Minimally invasive knee replacement surgery has lesser chances of infection.
After undergoing knee replacement surgery, you will need to be cautious about how you use your knee, especially for the first few weeks after your surgery. Your doctor will encourage you to walk as soon as you can. You can begin walking with the help of walking aids or support. But in no time, most patients feel comfortable walking on their own.
Here is a typical timeline of the progress you can expect to see in the first 3 months of recovery after knee replacement surgery-
One month after your surgery - One will be able to start with low-impact daily activities like driving, walking, household chores, and daily errands.
Two month after your surgery - Around the end of the second month, most patients are allowed to start low-impact physical activities such as swimming, biking, and taking long walks again. However, depending on your recovery and well-being, your doctor may suggest you wait for a few more days or weeks before resuming such activities.
Three month after your surgery - You will probably be able to return to certain high-impact physical activities such as running or other activities that you enjoy. You will need to get your doctor’s approval before taking this step. Your orthopedic doctor will recommend you to start slow and give yourself time. Eventually, you will be able to return to the level of activity that you were used to.

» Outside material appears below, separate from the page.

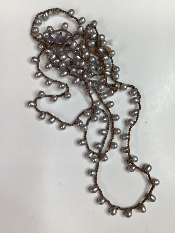 Hand crochet necklace of soft gray freshwater pearls with a amethyst bead loop closure. Nylon. Worn doubled or tripled. Measures 44″. Handmade in Alford, MA.

Knee replacement surgery is performed with advanced and minimally invasive techniques, i.e, arthroscopy. But, like any other surgery, knee replacement surgery may also involve a few potential risks that can be discussed with your orthopedic surgeon. Some of the risks are-
Infections
Ligament damage during or post knee replacement surgery
Allergic reaction to bone cement
Nerve and artery damage around the affected knee joint
Poor reaction to administered anesthesia during knee replacement surgery
Excess scar tissue buildup
Pain and stiffness in the knee joint post-surgery
Chances of deep vein thrombosis
Total knee replacement (TKR)
During this procedure, the orthopedic surgeon replaces the damaged joint completely with an artificial or prosthetic joint. This is often recommended when the bones are severely damaged because of any injury or bone degenerative diseases.
Partial Knee Replacement
In partial knee replacement cases, only part of the knee joint is degenerated. Therefore, the surgeon recommends knee replacement for the affected side, which is known as partial knee replacement.

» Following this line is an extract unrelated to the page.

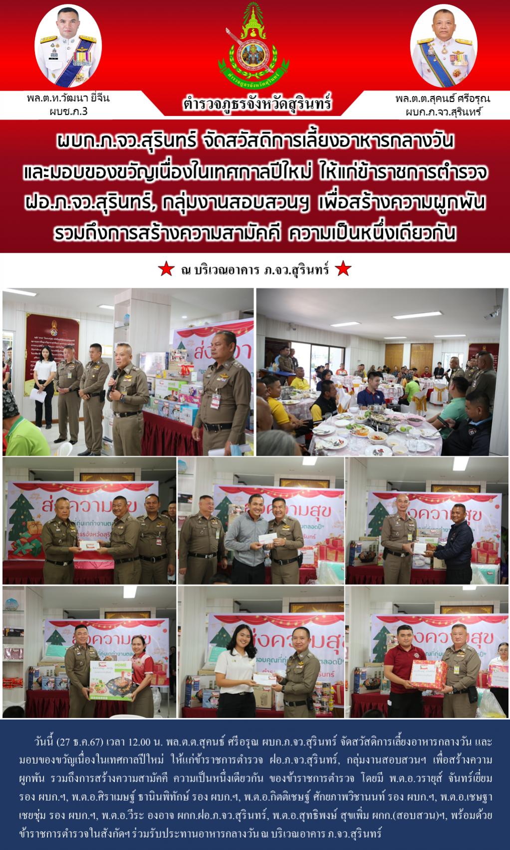 27 ธ.ค. 2567 17:55:37ผบก.ภ.จว.สุรินทร์ ร่วมออกตรวจจุดตรวจบูรณาการฯ ช่วงเทศกาลปีใหม่ 2568 วันนี้ (27 ธ.ค.67) เวลา 12.00 น. พล.ต.ต.สุคนธ์ ศรีอรุณ ผบก.ภ.จว.สุรินทร์ จัดสวัสดิการเลี้ยงอาหารกลางวัน และมอบของขวัญเนื่องในเทศกาลปีใหม่ ให้แก่ข้าราชการตำรวจ ฝอ.ภ.จว.สุรินทร์, กลุ่มงานสอบสวนฯ เพื่อสร้างความผูกพัน รวมถึงการสร้างคว...

Revision or Complex Knee Replacement
People affected with severe arthritis may be advised knee replacement two to three times to restore complete knee function. In this procedure, the surgeon uses a modified implant in order to provide more stability to the affected knee joint.
Kneecap Replacement
This is also known as Patellofemoral arthroplasty. When the under the surface area of the kneecap is affected because of degenerative diseases, the surgeon recommends replacing the patellofemoral part of the knee joint.